Unlike several other skilled danseuses—Vyjyanthimala, the Travancore Sisters, Waheeda Rehman, etc—Sitara Devi did not let cinema take over her dance completely. She danced in a number of films, through the 40s and right up to Mother India (1957), which is believed to be her last onscreen appearance. She continued to give stage performances, even performing at New York’s Carnegie Hall and at the Royal Albert Hall in London.

Sitara Devi wasn’t merely a film actress; she was also a great dancer. I wanted to pay tribute to her through a review of one of her films, and decided I’d choose Hulchul, which I wanted to watch for other reasons as well (more on this later).

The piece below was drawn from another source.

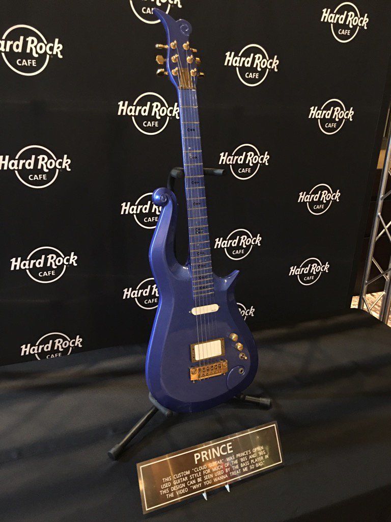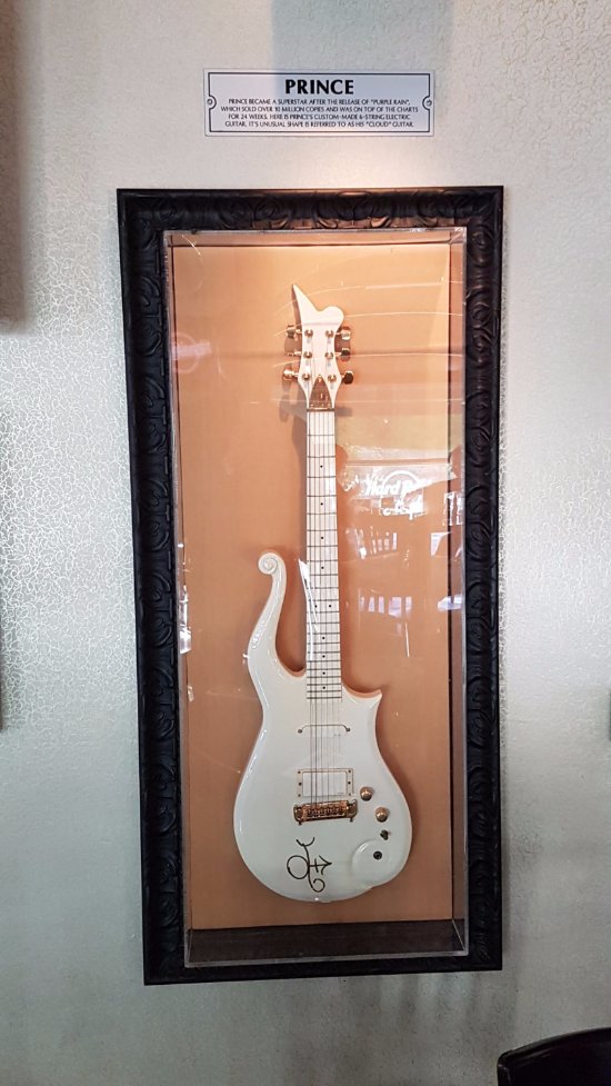 Hard Rock Cafes and Hotels have a dazzling array of Prince memorabilia on display in their venues around the world. In most of them, guitars take centre stage.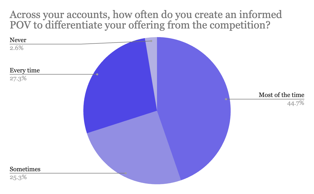 The numbers are similar when looking at how often sellers come prepared to sales calls with an informed POV about the customer’s business to help differentiate their pitch from competitors.

Hulchul begins in a jail. A new arrival (Yaqub) makes his way into the jail, hailed by all the other inmates with much joy. Nanda is back, is he? Nanda, in turn, greets his old friends, enquiring after their health, asking how long this one has to go, and what that one is eating, so on. Nanda is, obviously, an old hand here.

But Nanda finds that there’s a stranger here, too: a man named Kishore (Dilip Kumar) who’s not one of the regulars. Never mind; Nanda will get him out too. Nanda is already planning an escape. Kishore doesn’t seem very interested; he doesn’t seem very interested in anything.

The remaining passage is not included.